### INSTRUCTIONS TO FOLLOW:
Copy the data precisely, character for character, and leave out every picture.

### STORED DATA:

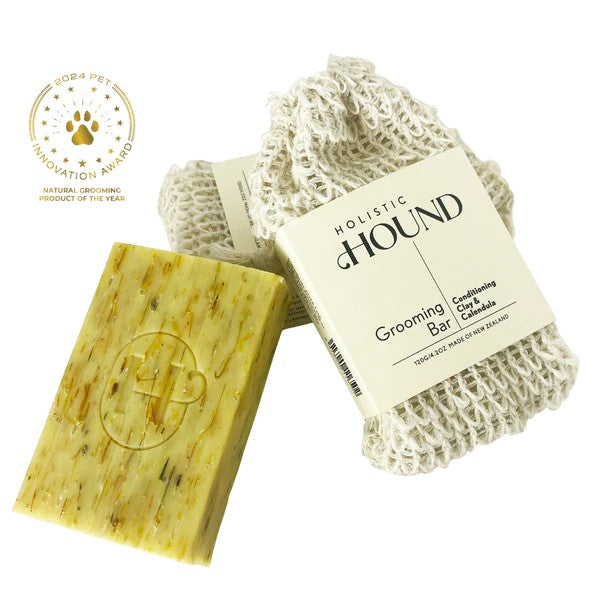 Housed in a compostable sisal bag, it lathers beautifully while gently exfoliating, helping to stimulate natural skin oils for a healthy, shiny coat.
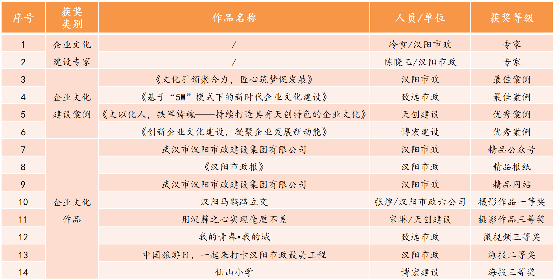 漢陽市政黨委副書記、紀委書記冷雪,團委副書記陳曉玉二人獲評“工程建設企業文化建設專家”榮譽稱號。4項案例獲評“工程建設企業文化建設最佳案例和優秀案例”。工程建設企業文化作品競賽方面,漢陽市政在公眾號、報紙、網站、攝影、微視頻、海報六大競賽項目中斬獲8項榮譽。
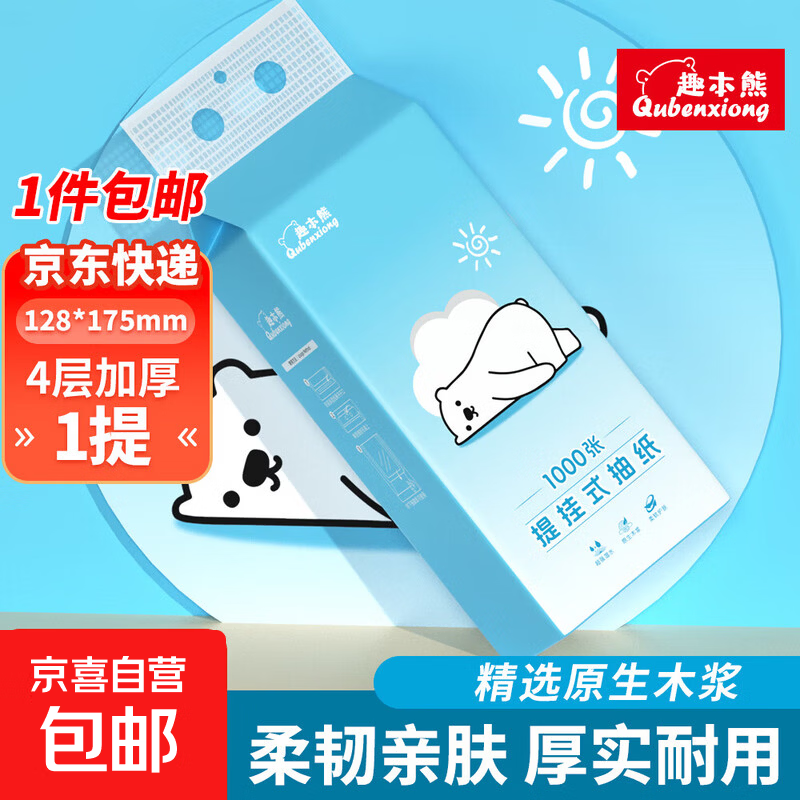 趣本熊4层加厚悬挂抽纸1000张原生木浆卫生纸厕所家用纸抽擦手纸 4层1000张*1提【尝鲜装】
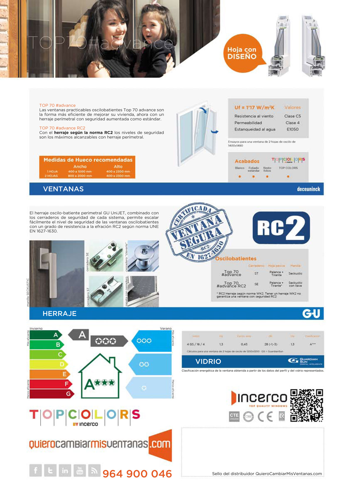 Las ventanas practicables oscilobatientes Top 70 advance son la forma más eficiente de mejorar su vivienda ahora con un herraje perímetral con seguridad aumentada como estándar.
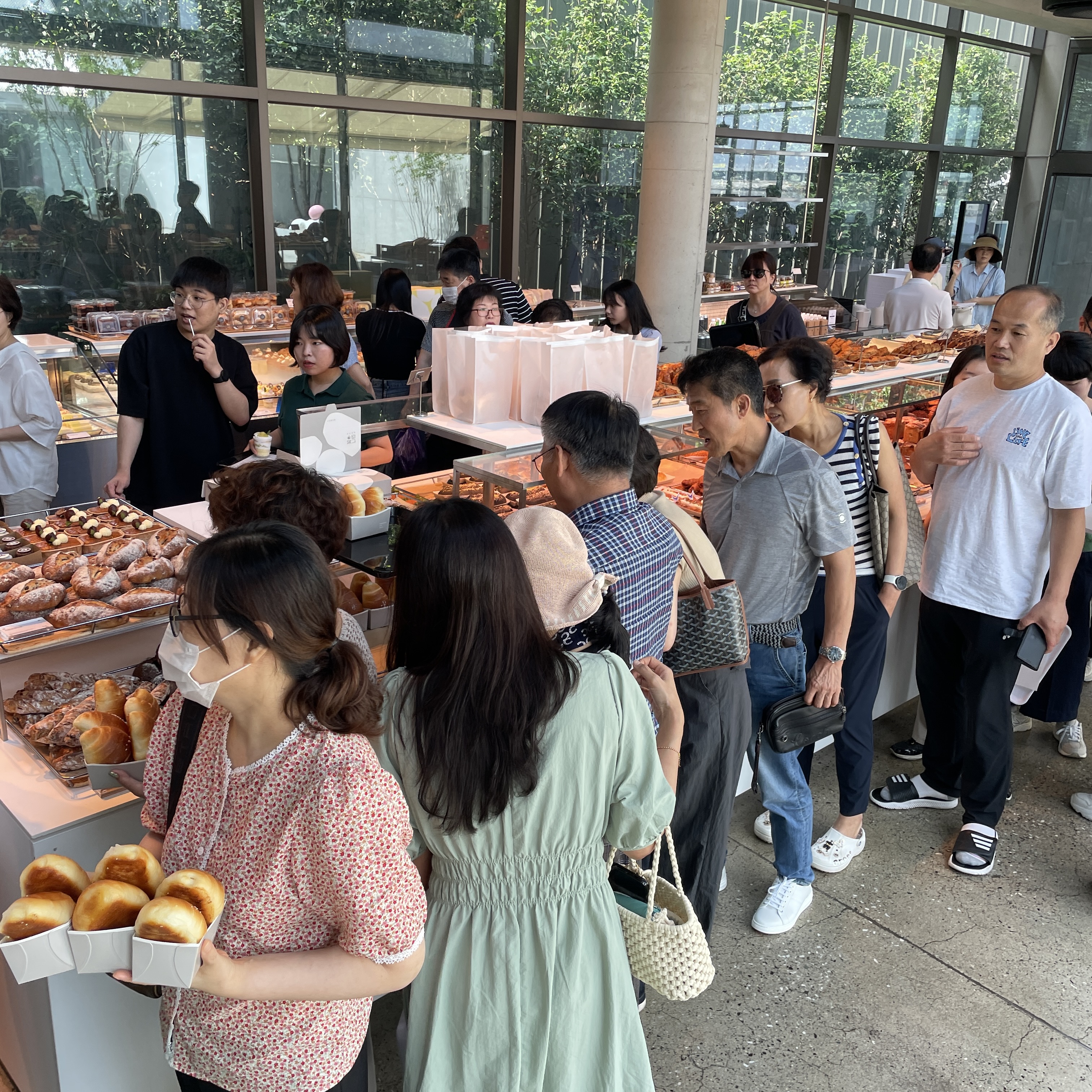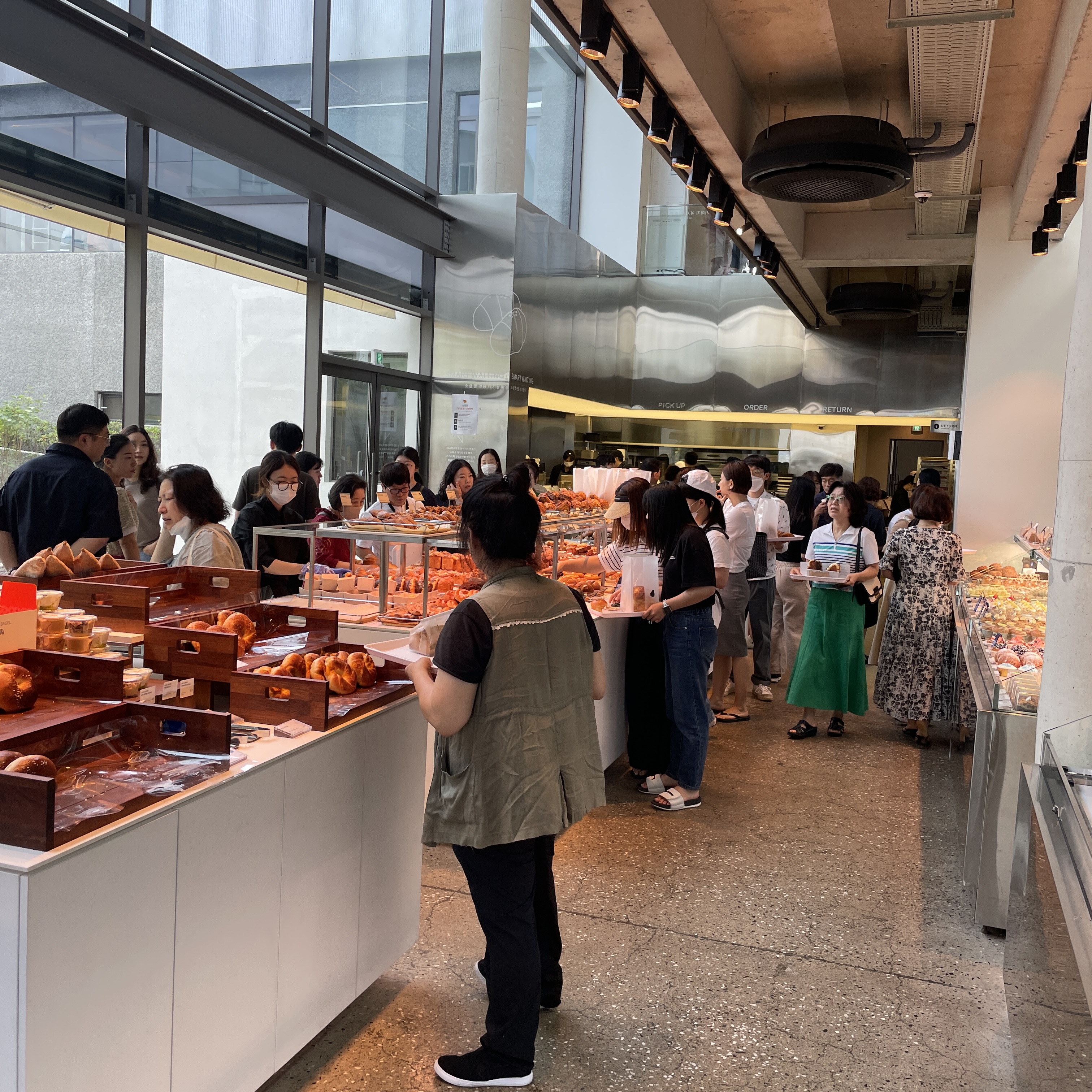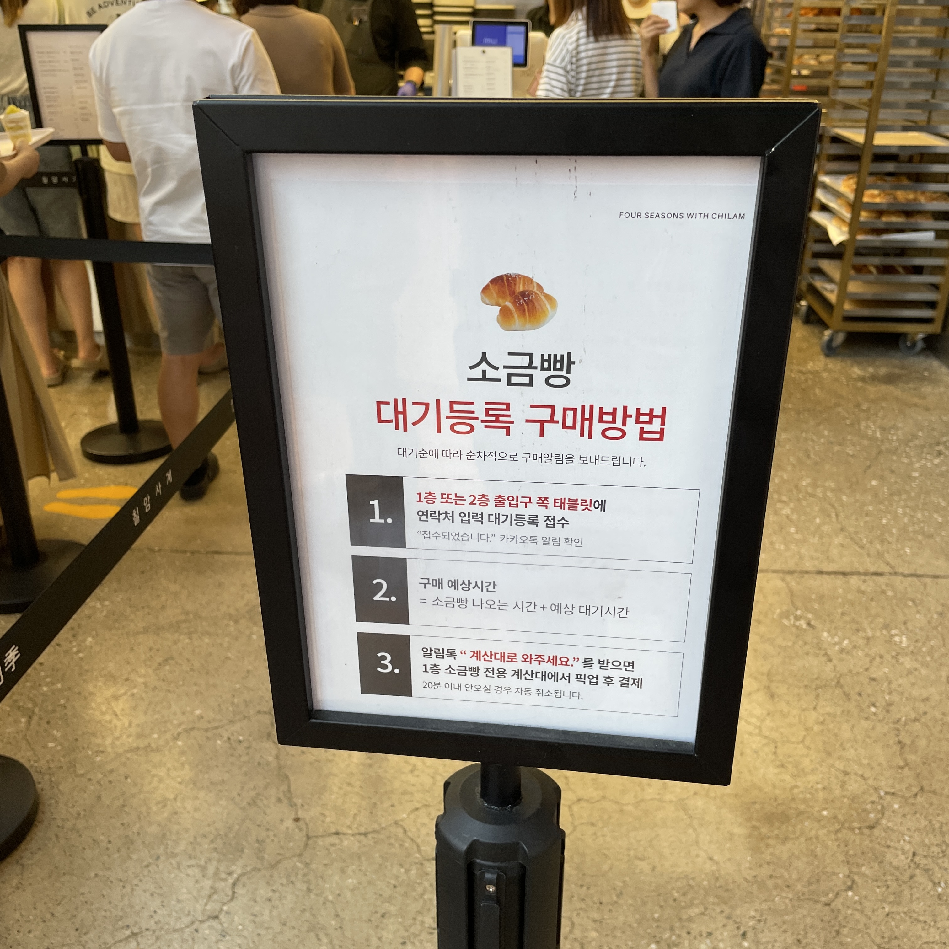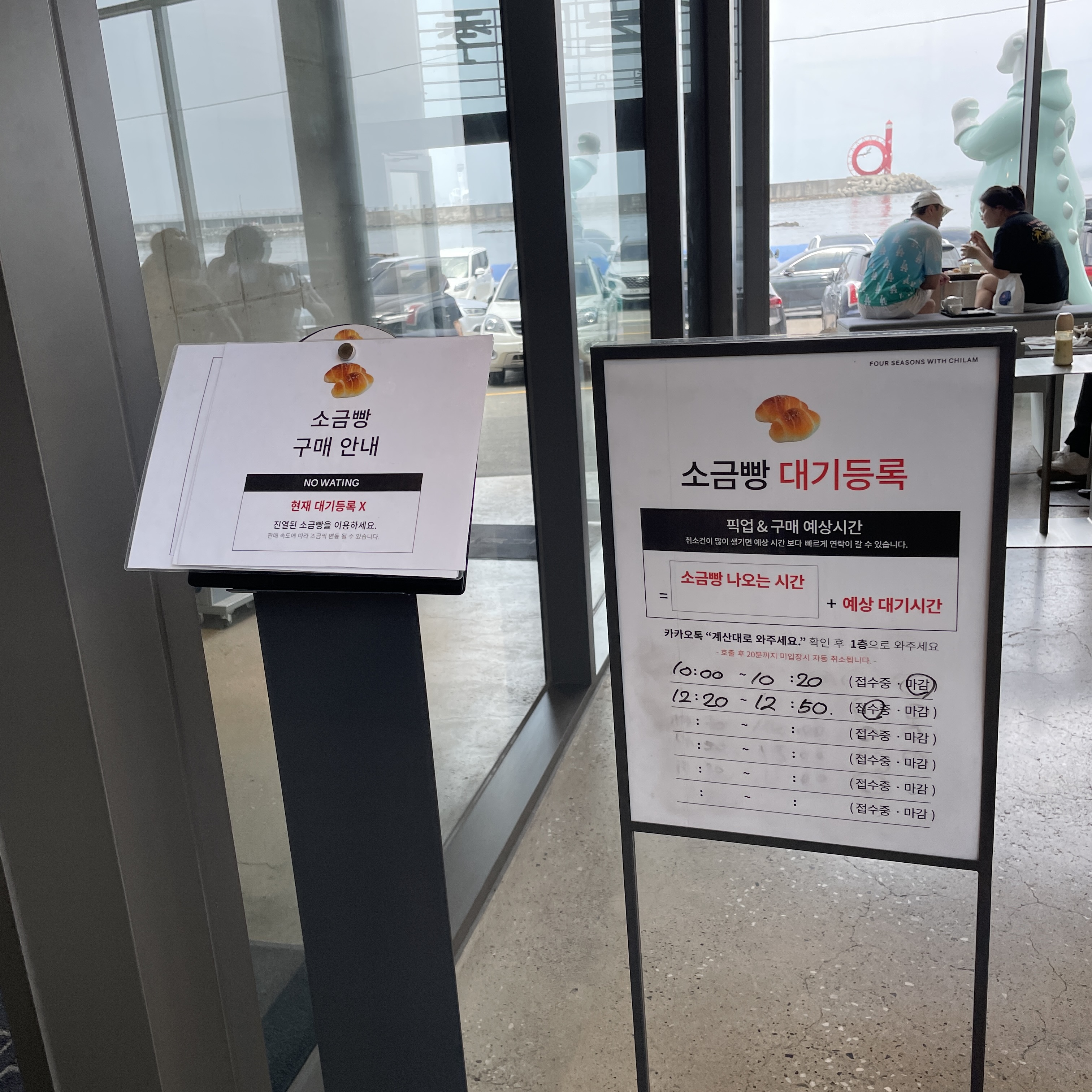 바로 앞에서 대기하니 오른쪽처럼 소금빵 줄이 자연스럽게 형성되었어요.
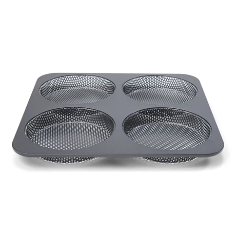 La plaque à 4 empreintes rondes de 12 cm de diamètre en acier revêtu perforé Pâtisse est un matériel de pâtisserie incontournable. Polyvalent, ce moule permet de confectionner des pains à burger, des briochettes, des tartelettes ou toute autre préparation ronde selon vos envies.
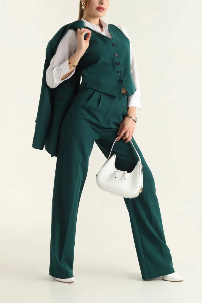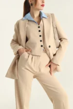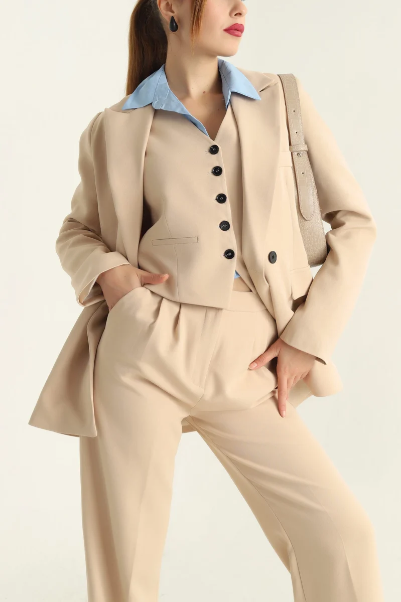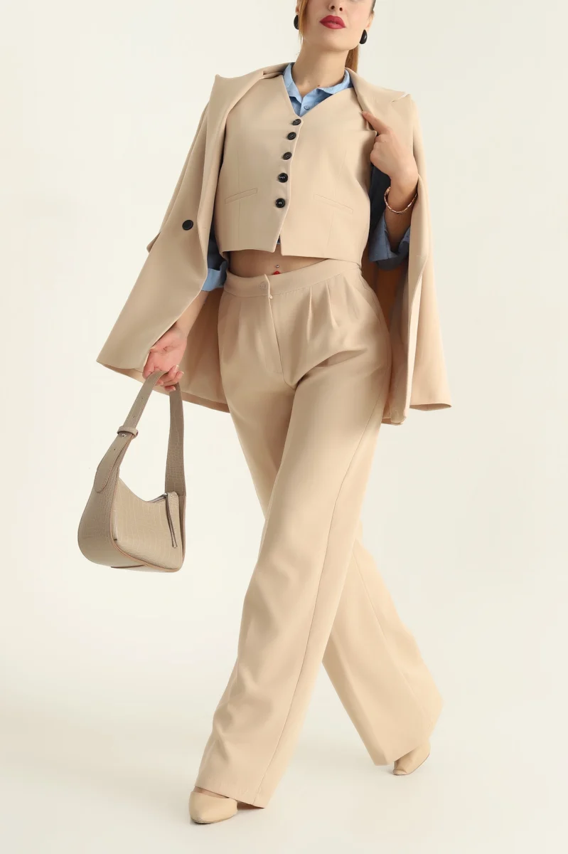 Upgrade your wardrobe with this timeless 3-piece women’s suit set, designed for elegance and confidence. The set includes a tailored blazer, a fitted buttoned vest, and wide-leg high-waist pants. Made with high-quality fabric, it combines comfort with a polished professional look.
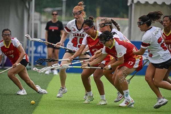 8月9日,2025年成都世运会女子棍网球A组预赛。图为中国队迎战加拿大队。视觉中国供图

### SOLUTION FOR THIS TASK:
 Housed in a compostable sisal bag, it lathers beautifully while gently exfoliating, helping to stimulate natural skin oils for a healthy, shiny coat.
 漢陽市政黨委副書記、紀委書記冷雪,團委副書記陳曉玉二人獲評“工程建設企業文化建設專家”榮譽稱號。4項案例獲評“工程建設企業文化建設最佳案例和優秀案例”。工程建設企業文化作品競賽方面,漢陽市政在公眾號、報紙、網站、攝影、微視頻、海報六大競賽項目中斬獲8項榮譽。
 趣本熊4层加厚悬挂抽纸1000张原生木浆卫生纸厕所家用纸抽擦手纸 4层1000张*1提【尝鲜装】
 Las ventanas practicables oscilobatientes Top 70 advance son la forma más eficiente de mejorar su vivienda ahora con un herraje perímetral con seguridad aumentada como estándar.
 바로 앞에서 대기하니 오른쪽처럼 소금빵 줄이 자연스럽게 형성되었어요.
 La plaque à 4 empreintes rondes de 12 cm de diamètre en acier revêtu perforé Pâtisse est un matériel de pâtisserie incontournable. Polyvalent, ce moule permet de confectionner des pains à burger, des briochettes, des tartelettes ou toute autre préparation ronde selon vos envies.
 Upgrade your wardrobe with this timeless 3-piece women’s suit set, designed for elegance and confidence. The set includes a tailored blazer, a fitted buttoned vest, and wide-leg high-waist pants. Made with high-quality fabric, it combines comfort with a polished professional look.
 8月9日,2025年成都世运会女子棍网球A组预赛。图为中国队迎战加拿大队。视觉中国供图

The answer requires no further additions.